There is a saying among consultants that potential clients won't hire a consultant until and unless they both realize that they have a serious problem and come to accept that it is not a problem they can solve on their own. That holds equally true for a wide range of difficult changes that require help or cooperation, from coping with an addiction to building a functioning government to changing an institution. Higher education has been an incredibly stable system. As in, remarkably consistent over a period of about a thousand years. Historians of education tend to write about changes that take place over decades or half-centuries. There has been a looming question of whether such a slow-changing institution can adapt to such fast-changing times. Unsurprisingly, this debate has been raging for a few decades now, with relatively little sector-wide change to show for it. Is the system terminally rigid, or is it in a state of punctuated equilibrium that will shift in an appropriately dramatic amplitude once it reaches an inflection point?

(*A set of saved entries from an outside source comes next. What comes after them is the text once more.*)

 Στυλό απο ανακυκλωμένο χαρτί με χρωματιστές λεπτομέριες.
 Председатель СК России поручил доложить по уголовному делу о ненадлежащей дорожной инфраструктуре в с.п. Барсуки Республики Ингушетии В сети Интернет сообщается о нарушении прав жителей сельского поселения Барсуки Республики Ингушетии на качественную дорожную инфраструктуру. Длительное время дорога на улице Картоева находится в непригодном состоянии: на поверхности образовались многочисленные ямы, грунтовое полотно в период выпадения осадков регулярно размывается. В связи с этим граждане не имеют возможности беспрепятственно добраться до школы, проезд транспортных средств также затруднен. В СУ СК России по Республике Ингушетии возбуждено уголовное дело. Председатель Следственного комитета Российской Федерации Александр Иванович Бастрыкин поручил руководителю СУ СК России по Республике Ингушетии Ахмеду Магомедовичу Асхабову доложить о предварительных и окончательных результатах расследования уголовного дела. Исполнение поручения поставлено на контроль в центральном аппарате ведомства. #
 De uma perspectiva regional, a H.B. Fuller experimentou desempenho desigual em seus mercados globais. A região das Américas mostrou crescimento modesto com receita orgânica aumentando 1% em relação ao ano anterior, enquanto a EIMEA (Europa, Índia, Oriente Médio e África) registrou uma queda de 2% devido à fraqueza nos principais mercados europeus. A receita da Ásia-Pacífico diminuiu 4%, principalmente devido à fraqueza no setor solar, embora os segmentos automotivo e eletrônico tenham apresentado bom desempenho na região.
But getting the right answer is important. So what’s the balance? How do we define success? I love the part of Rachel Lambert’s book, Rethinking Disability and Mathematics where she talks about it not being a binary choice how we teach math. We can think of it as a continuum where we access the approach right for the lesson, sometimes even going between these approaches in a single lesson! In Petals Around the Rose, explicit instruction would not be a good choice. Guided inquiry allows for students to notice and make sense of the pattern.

I believe the latter is the case, and I believe that we are at that inflection point. Access-oriented institutions—particularly publicly funded ones—have already been under pressure for some time now to show better outcomes for students in terms of rough measures like graduation rates and time to graduation, as well as some more meaningful but difficult measures popping up on the margins such as employment and career success. On the other end of the spectrum, the elite institutions whose brands have popularly defined excellence in education for the last century or more are starting to realize that they need to adjust to changing student expectations if they are going to continue to be considered the gold standard for the next century or more. The MOOC craze was complex and problematic, but it woke the elites up to the potential for use of technology-enabled approaches to enhance their teaching practices rather than detract from it, even as their students show up on campus with increasingly high expectations for the kinds of access to knowledge, interactive experiences, and high-touch communication that technology can enable. And in the middle, private universities with decent regional reputations and tuitions that approach those of Ivy League schools are increasingly under pressure to justify their tuition with something of more permanent value to students than climbing walls and dining halls. More and more, the buzz is about innovative partnerships with employers, or about learning analytics, or about student success systems supporting better guidance counseling. In other words, we are seeing colleges and universities grope toward approaches that enable them to more reliably support student success. And they are looking for help to do it.

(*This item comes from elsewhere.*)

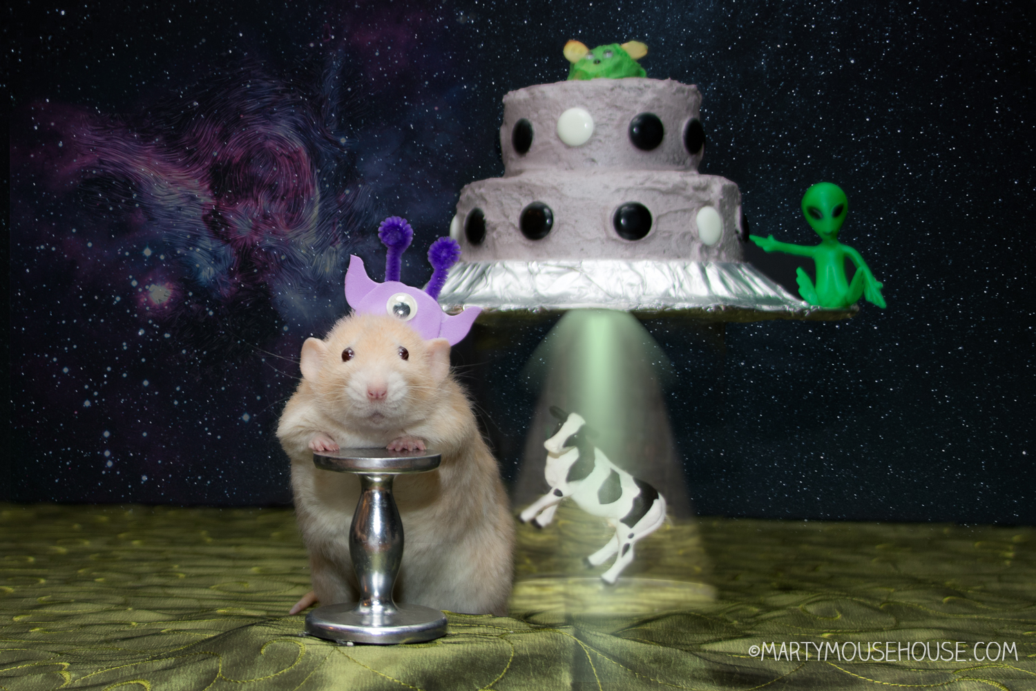 Suddenly, the cake creaked open, and a tractor beam—just a tiny one—shone down on the table. “Initiating cow obduction!” Larry chirped. From above, small cows descended slowly into the beam, mooing mechanically as they floated skyward. Wink clapped her paws in delight while Pocket chased after one of the cows, determined to save it from the “clutches of the cosmos.”

The focus of that previous paragraph is primarily on undergraduate education, but it also increasingly applies to graduate education. We sometimes see this problem manifest itself in financial terms, where it gets somewhat obscured by the current conversations around Online Program Management (OPM) companies. Universities often launch career-oriented graduate programs such as MBAs and MSWs because (a) they are looking for more revenue to make their institutions more sustainable, (b) online programs can scale without scaling costs like real estate and physical classrooms, and (c) they know there is a market of people who are inclined to sign up for online graduate programs that can fit with their work and family schedules while also giving them credentials that will help them advance in their career ambitions. But as the online MBA market gets saturated, universities increasingly have to find differentiators. And they can't use climbing walls or dining halls. In the end, the only effective and durable differentiator for an online career-oriented graduate degree program is its effectiveness at helping the students achieve their goals. In this space, the immediate university driver is revenue and the immediate student goal is career advancement. So the sector tends to view this change narrowly. But if you zoom out a little, it becomes clear that the trend with graduate programs and OPMs is just one particularly clear example of where the academic institution's financial sustainability issues are driving it toward a sharper operational focus on its mission.
Let's turn now to the educational vendors, who are also at an inflection point across product categories. All of these companies—curricular materials providers, LMS vendors, SIS vendors, analytics vendors, and so on—they are all looking to move up the value chain and argue that their products can directly, meaningfully, and provably impact student outcomes. They have to, because most of the major ed tech product categories are either in danger of commodifying or in danger of failing (in the case of established product categories) to achieve meaningful market penetration (in the case of new ones).
The textbook companies hit the wall first. As students increasingly found ways to avoid buying new books (or any books), the textbook publishers raised their prices, which started a vicious cycle of reduced sell-through followed by price increases followed by further reduced sell-through followed by further price increases. This was ultimately unsustainable, particularly since the internet has made obtaining basic factual information and focused educational supplements—think YouTube—easily obtainable and free. Increasingly, publishers had to make the case that their content is somehow better than the commodity content. But better how? For a long time, the "better" publishers worked on was instructor convenience. But there's only so far that slides, extra problem sets, and auto-graded homework can compensate for the vicious pricing cycle, particularly since the commodity materials get more organized and feature-rich over time. Eventually, the major publishers came to the conclusion that the only sustainable "better" they could shoot for is more educationally effective.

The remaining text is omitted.